From: Kairui Song <ryncsn@gmail.com>
To: YoungJun Park <youngjun.park@lge.com>
Cc: linux-mm@kvack.org, Andrew Morton <akpm@linux-foundation.org>,
	 Chris Li <chrisl@kernel.org>,
	Kemeng Shi <shikemeng@huaweicloud.com>,
	 Nhat Pham <nphamcs@gmail.com>, Baoquan He <bhe@redhat.com>,
	Barry Song <baohua@kernel.org>,
	 Carsten Grohmann <mail@carstengrohmann.de>,
	"Rafael J. Wysocki" <rafael@kernel.org>,
	 linux-kernel@vger.kernel.org,
	 "open list:SUSPEND TO RAM" <linux-pm@vger.kernel.org>,
	taejoon.song@lge.com,
	 "hyungjun.cho@lge.com Carsten Grohmann" <carstengrohmann@gmx.de>,
	stable@vger.kernel.org
Subject: Re: [PATCH v4 1/3] mm, swap: speed up hibernation allocation and writeout
Date: Tue, 24 Feb 2026 16:04:07 +0800	[thread overview]
Message-ID: <CAMgjq7BeA4cr5DSjpdaTVRRmcb_Pq+68yGZiiDg21fNPfGUQNg@mail.gmail.com> (raw)
In-Reply-To: <aZ1X1OwbAUq1k+C6@yjaykim-PowerEdge-T330>

On Tue, Feb 24, 2026 at 3:50 PM YoungJun Park <youngjun.park@lge.com> wrote:
>
> On Mon, Feb 16, 2026 at 10:58:02PM +0800, Kairui Song via B4 Relay wrote:
> > From: Kairui Song &lt;kasong@tencent.com&gt;
> >
> > Since commit 0ff67f990bd4 ("mm, swap: remove swap slot cache"),
> > hibernation has been using the swap slot slow allocation path for
> > simplification, which turns out might cause regression for some
> > devices because the allocator now rotates clusters too often, leading to
> > slower allocation and more random distribution of data.
> ...
> > diff --git a/mm/swapfile.c b/mm/swapfile.c
> > index c6863ff7152c..32e0e7545ab8 100644
> > --- a/mm/swapfile.c
> > +++ b/mm/swapfile.c
> > @@ -1926,8 +1926,9 @@ void swap_put_entries_direct(swp_entry_t entry, int nr)
> >  /* Allocate a slot for hibernation */
> >  swp_entry_t swap_alloc_hibernation_slot(int type)
> >  {
> > -     struct swap_info_struct *si = swap_type_to_info(type);
> > -     unsigned long offset;
> > +     struct swap_info_struct *pcp_si, *si = swap_type_to_info(type);
> > +     unsigned long pcp_offset, offset = SWAP_ENTRY_INVALID;
> > +     struct swap_cluster_info *ci;
> >       swp_entry_t entry = {0};
> >
> >       if (!si)
> > @@ -1937,11 +1938,21 @@ swp_entry_t swap_alloc_hibernation_slot(int type)
> >       if (get_swap_device_info(si)) {
>
> Hi Kairui :)
>
> Reading through the patch, I have some thoughts and review comments regarding
> the hibernation slot allocation logic.

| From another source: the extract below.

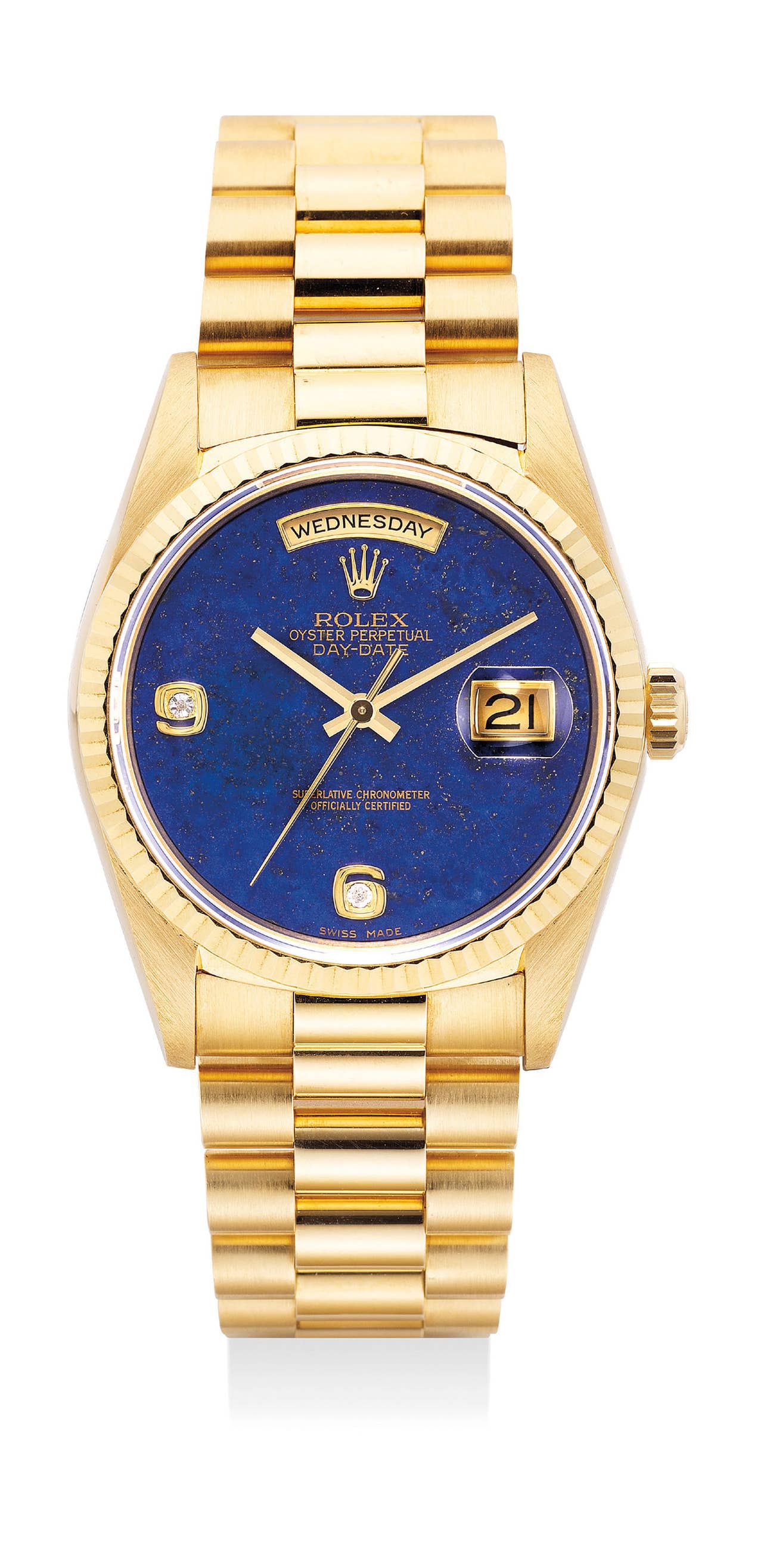 勞力士,「Day-Date」型號18238,精細及非常罕有,18K黃金自動上弦鏈帶腕錶,配日期、星期顯示及青金石錶盤,1990年製。附錶盒和保證書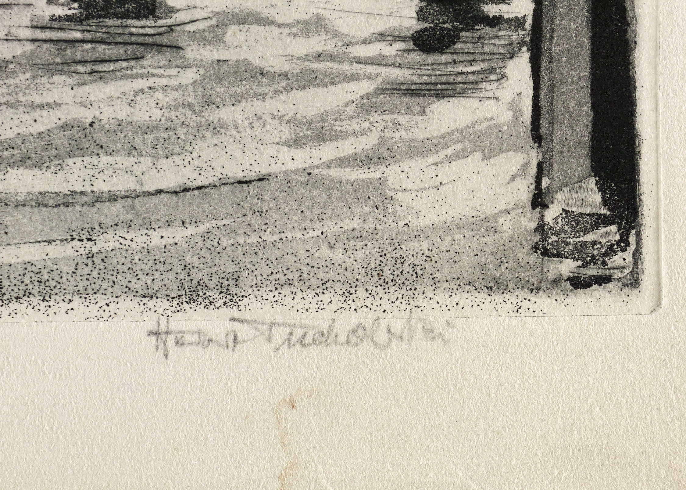 1928/1965. Radierung / Aquatinta & Strichätzung, partiell geschabt, in Schwarz, auf kräftigem hellchamois Velin. – Originale Künstlergrafik, von Herbert Tucholski. – 27,5 x 37,5 cm (Darstellung / Platte), 33 x 43 cm (Blatt).

I'd like to discuss potential
> improvements. (Somewhat long... lot of thoughts come up on my mind)
>
> First, regarding the race with swapoff and refcounting.
>
> The code identifies the swap type before allocation, so a swapoff could
> occur in between. It seems safer to acquire the reference when identifying
> the type (e.g., find_first_swap). Also, instead of repeating get/put for
> every slot (allocation and free), could we hold the reference once during
> the initial lookup and release it after the image load? This avoids
> overhead since swapoff is effectively blocked once hibernation slots are
> allocated.

Hi Youngjun,

Yes, that's definitely doable, but requires the hibernation side to
change how it uses the API, which could be a long term workitem.

>
> >               if (si->flags & SWP_WRITEOK) {
> >                       /*
> > -                      * Grab the local lock to be compliant
> > -                      * with swap table allocation.
> > +                      * Try the local cluster first if it matches the device. If
> > +                      * not, try grab a new cluster and override local cluster.
> >                        */
> >                       local_lock(&percpu_swap_cluster.lock);
>
> Second, regarding local_lock:
>
> It seems mandatory now because distinguishing the lock context during swap
> table allocation is tricky (e.g., GFP_KERNEL allocation assumes a local
> locked context). Have you considered modifying the swap table allocation
> logic to handle this specifically? This might allow us to avoid holding the
> local_lock, especially if the device is not SWP_SOLIDSTATE.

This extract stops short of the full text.